Saturday, February 09, 2008 Speak Out: Being single on Valentine's Day By Rachel Coy Garces
VALENTINES is the most dreaded time of the year. It is an excuse to overspend on ridiculous hearts, chocolate candies and red roses.
Admittedly I am not a fan of this holiday; in fact this is an attempt to send a message to all the beautiful, successful and wonderful women who were made to feel lacking by society and pressured to be wives and mothers in order to be considered complete and fulfilled.
This is precisely why the words “single,” “happy,” and “valentine” makes us feel alone on Feb. 14.
True enough that it is just one day in a year, but for us women who took time to find the right person and who feel alone on this day feel the impact that lasts for even years.
There is so much sensitivity around this issue as hyped by the media. There are so many books, articles and television shows: “Sex and the City,” “Desperate Housewives,” and even the medical show “Grey’s Anatomy.”
It is in this shows that we single women entertain thoughts of happier times, or long for our very own “Mr. Big” or “Mc Dreamy.”
Let us not forget Tom Cruise’s famous line “You complete me” and Jack Nicholson’s “You make me want to be a better man.” My response to this is an old saying, “You need to love yourself first before you can really love someone.”
So to Tom and Jack, marriage does not make your lives complete and better because if it does then there is something not quite right with your life to begin with.
We are stigmatized by our friends and family for being single.
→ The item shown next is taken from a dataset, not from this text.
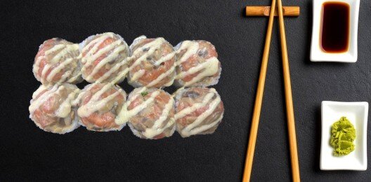 Ролл-угорь, кедровые орешки, имбирь маринованный, сыр творожный, соус, рис, кунжутное семя. Имбирь, соевый соус, васаби не идет в комплекте, заказывать отдельно.

But being single is not a disease to be diagnosed let alone be prescribed with the words “your last chance.”
Let us not cave to the pressure given by these so called love quack doctors to be cured by allowing ourselves to date every available man.
Realize that settling is not good enough—we deserve so much better by setting standards!
I am not saying that there aren’t any positives to being in love and married but it is much better to be single and free than to be in a marriage without love and ends in regrets.
To all the fabulous single women, let us enjoy life and spend our time on things we will not have time for once we are wives and mothers.
Society, well-meaning co-workers, church friends, strangers, family and friends: being single is not a disease to be cured, it is a decision to be respected.